THE cost of powering telecommunication services with diesel has jumped by at least 233.33 per cent in recent months to N30bn monthly, according to analysis and computation of data from Nigerian telecoms operators.
The development brings the annual cost of powering telecoms services with diesel to N360bn.
The operators under the aegis of the Association of Licensed Telecoms Operators of Nigeria said the cost of diesel, which is required to power network towers, base stations, and offices, rose from N225 in January 2022 to over N750 in March 2022.
They stated this in a letter written to the Nigerian Communications Communication, a copy of which was sighted by our correspondent.

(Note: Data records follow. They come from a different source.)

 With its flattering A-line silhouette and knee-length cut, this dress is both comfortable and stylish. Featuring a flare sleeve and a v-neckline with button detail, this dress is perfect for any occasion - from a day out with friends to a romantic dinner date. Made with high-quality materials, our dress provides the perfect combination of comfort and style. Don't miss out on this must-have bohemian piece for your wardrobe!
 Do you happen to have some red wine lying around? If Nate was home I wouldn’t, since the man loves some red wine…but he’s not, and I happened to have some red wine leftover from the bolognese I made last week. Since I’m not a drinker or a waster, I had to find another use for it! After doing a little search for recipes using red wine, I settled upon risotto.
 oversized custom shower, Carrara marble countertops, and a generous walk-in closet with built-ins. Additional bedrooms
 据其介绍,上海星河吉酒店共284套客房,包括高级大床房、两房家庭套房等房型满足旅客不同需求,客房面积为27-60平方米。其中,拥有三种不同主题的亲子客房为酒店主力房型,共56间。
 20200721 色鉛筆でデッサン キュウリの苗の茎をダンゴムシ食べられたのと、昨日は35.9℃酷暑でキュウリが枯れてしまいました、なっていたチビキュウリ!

The letter read in part, “The telecommunication industry has been heavily financially impacted following Nigeria’s economic recession in 2020 and the effect of the ongoing Ukraine/Russia crisis. This has resulted to an increase in energy costs (which constitutes an appreciable 35 per cent of ALTON’s members’ operating expenses).

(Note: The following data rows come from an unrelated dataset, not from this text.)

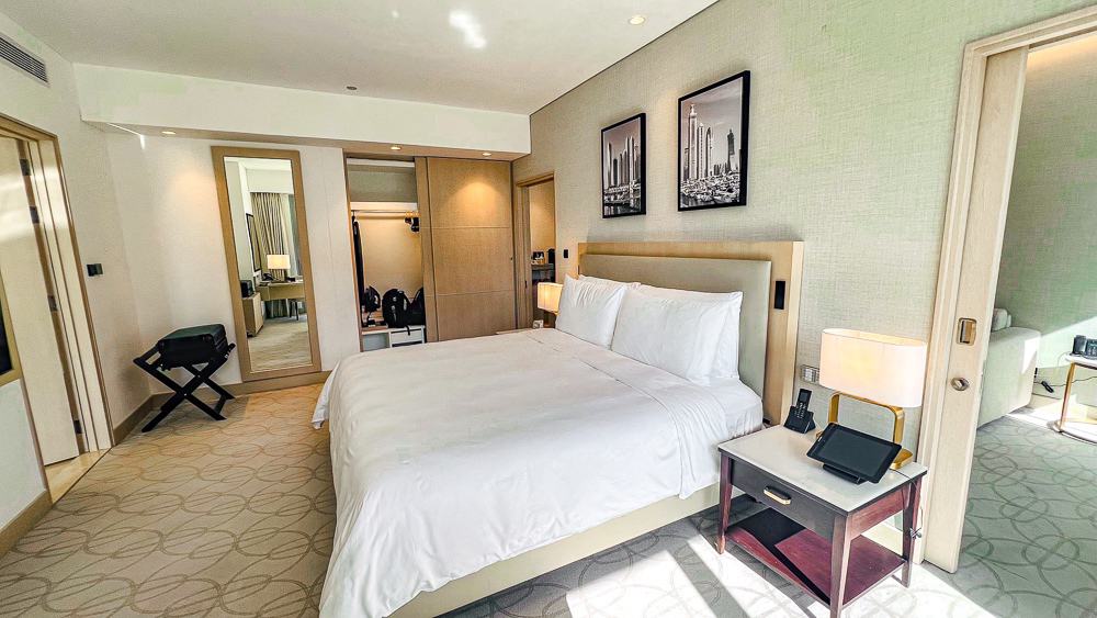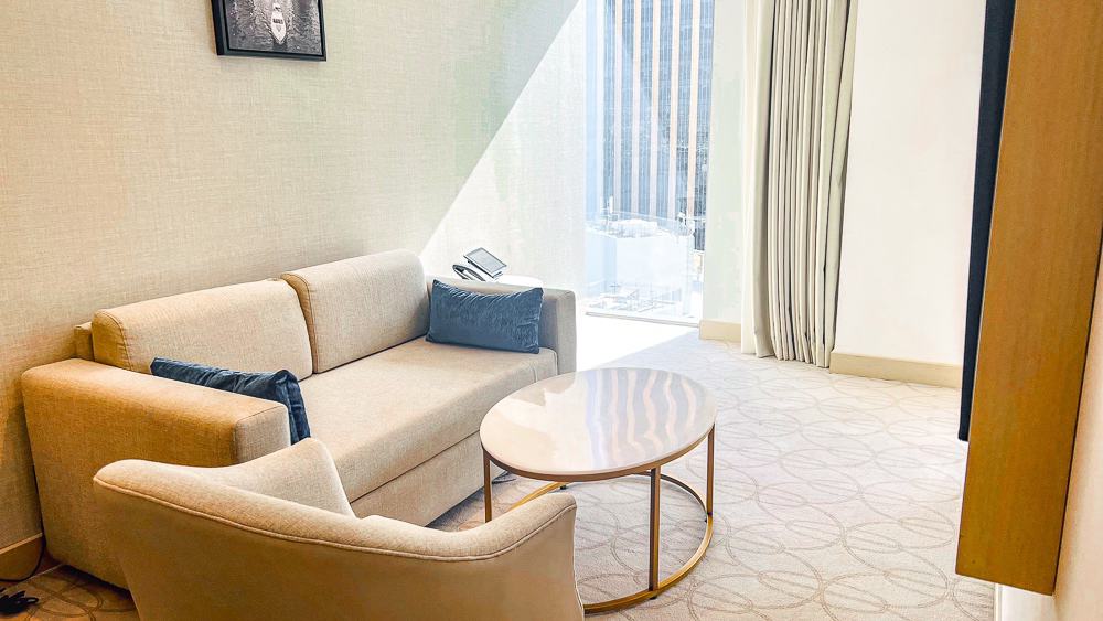 À notre entrée dans la suite en après-midi, celle-ci était baignée de lumière, ce qui était très agréable. La décoration est moderne avec son mobilier au teintes claires, le tout est plutôt confortable et de bonne grandeur comme en témoigne les photos.
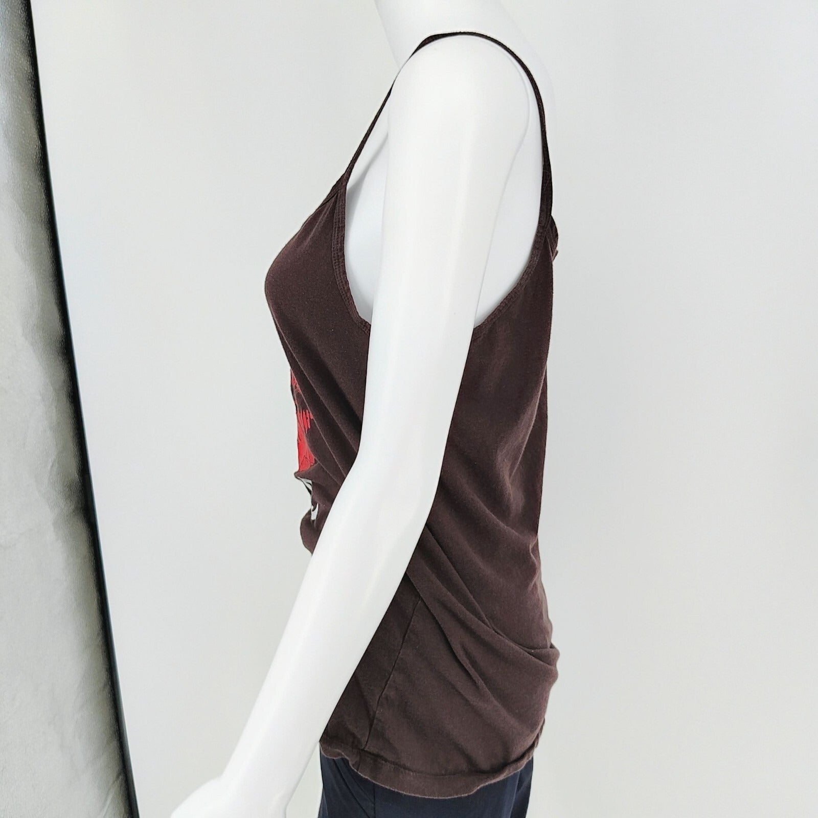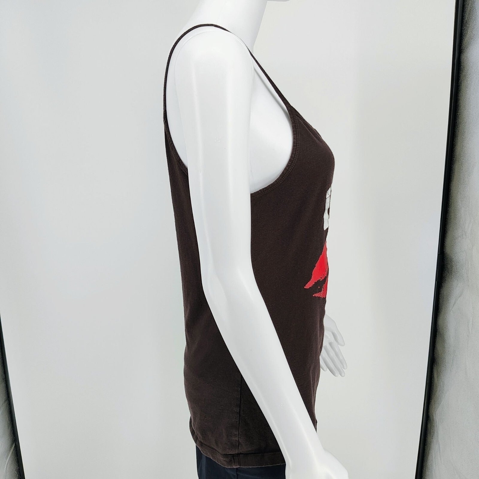 Bella "Don't Kiss & Tell" Lips Graphic Brown Spaghetti Strap Tank Top (XL)
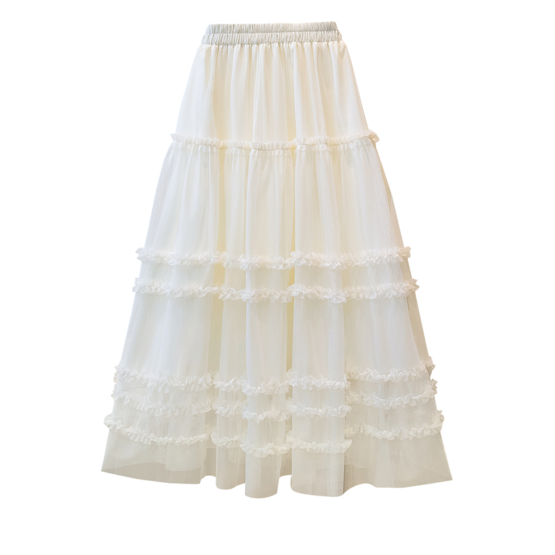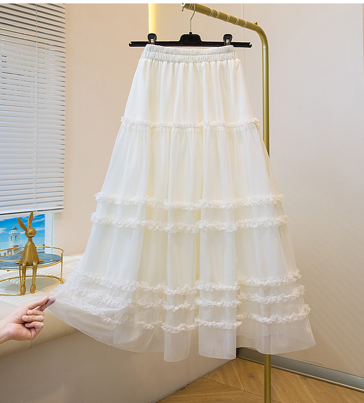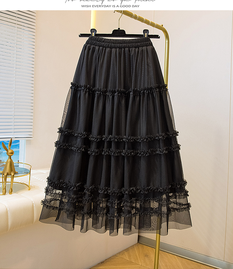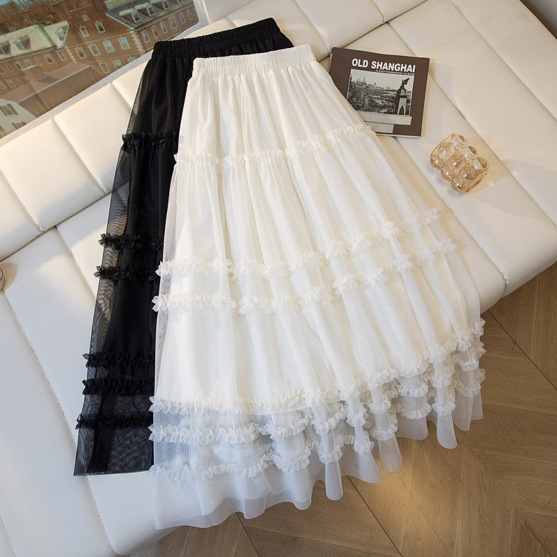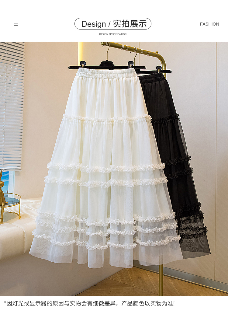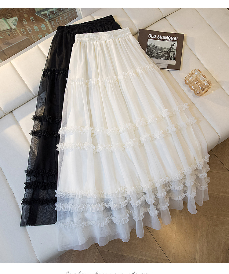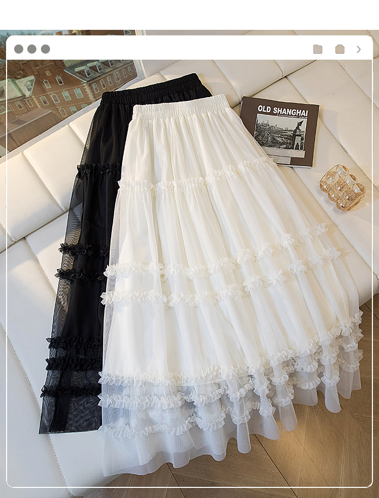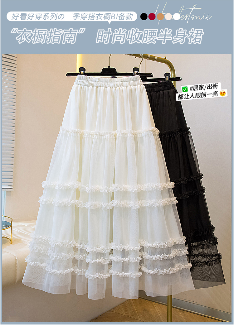 MY17259# 大码胖MM甜美木耳边网纱蕾丝半身裙大摆遮胯a字蓬蓬蛋糕裙女裝貨源服裝批發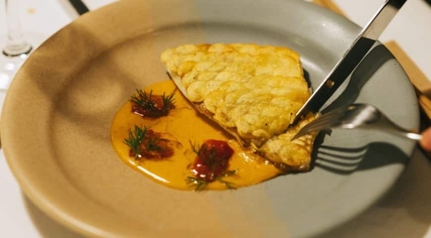 学生のお子様に人気だったのが新鮮な校庭トマトをソースに使った「鯛のうろこ焼き NADAのトマトのクリームソース」。香ばしく焼かれた鯛ととても合います。淡路島の大らかな自然が育む素材と料理を堪能しました。

“Consequently, the cost of diesel required to power operators’ towers, base stations, and offices rose by a staggering 233 per cent from N225 per litre in January 2022 to over N750 per litre in March 2022.”
According to industry data, mobile telecommunication operators use an average of 40 million litres of diesel per month to power telecom sites. Going by the diesel consumption figure and the current price of diesel, the cost of powering telecoms services will be about N30bn monthly and N360bn annually.

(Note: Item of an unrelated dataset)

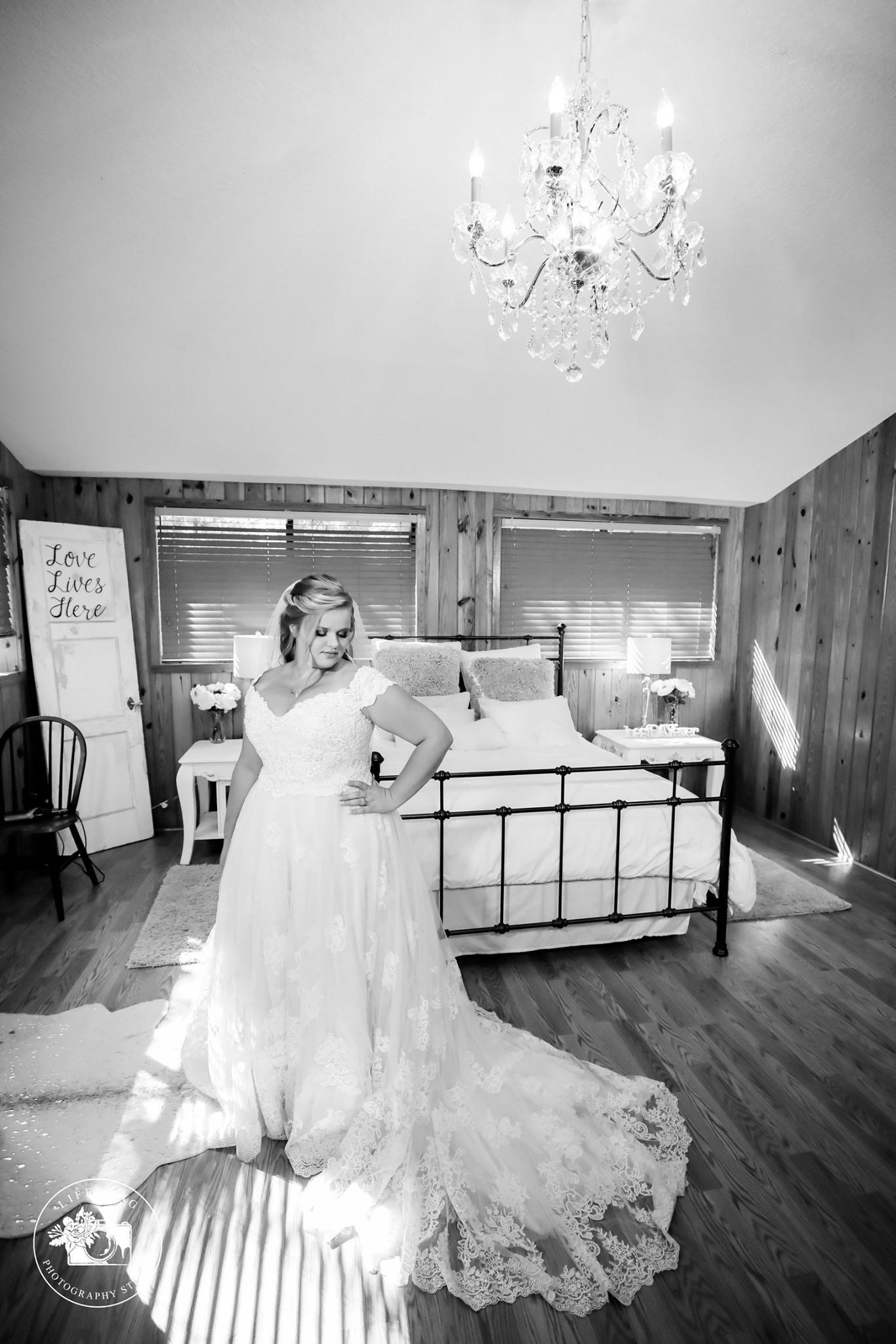 We designed this suite to be the perfect place for you and your friends and family to spend all day in. A 1000sqft cabin with a full kitchen, full bathroom, plenty of vanities for hair and make-up and fabulous chandelier lighting. Imagine⌠itâs your wedding day and all of the questions have been answered, all of the details are covered, and you are relaxing in our lakeside cabin with your closest friends getting ready to walk down the aisle. Mimosa anyone?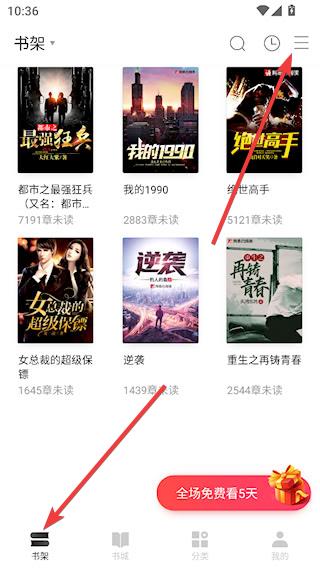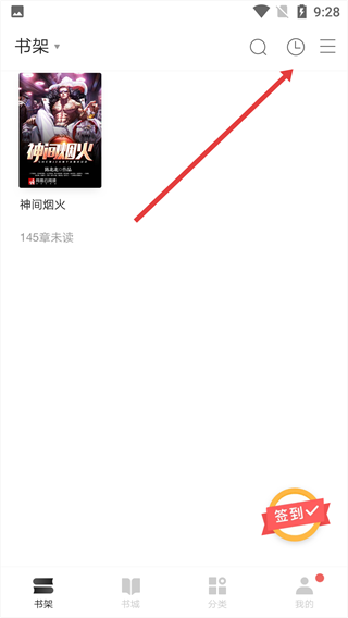 2、在書架頁面,點擊右上角圖標,進入閱讀歷史頁面。

In its ‘2020 Subscriber/Network Data Report,’ the NCC said there were a total of 33,832 towers belonging to mobile and fixed operators as well as collocation and infrastructure companies as of 2020. It, however, added that operators had a total of 36,998 base stations at the end of the year.
According to ALTON, energy costs account for 35 per cent of telecom operators’ operating expenses.
The telecom operators said the ongoing crisis in Ukraine/Russia had contributed largely to this increase, which was impacting negatively on the telecom industry.
This, among other things, is a major reason telecom operators are pushing for a 40 per cent upward review in the cost of calls, SMS, and data.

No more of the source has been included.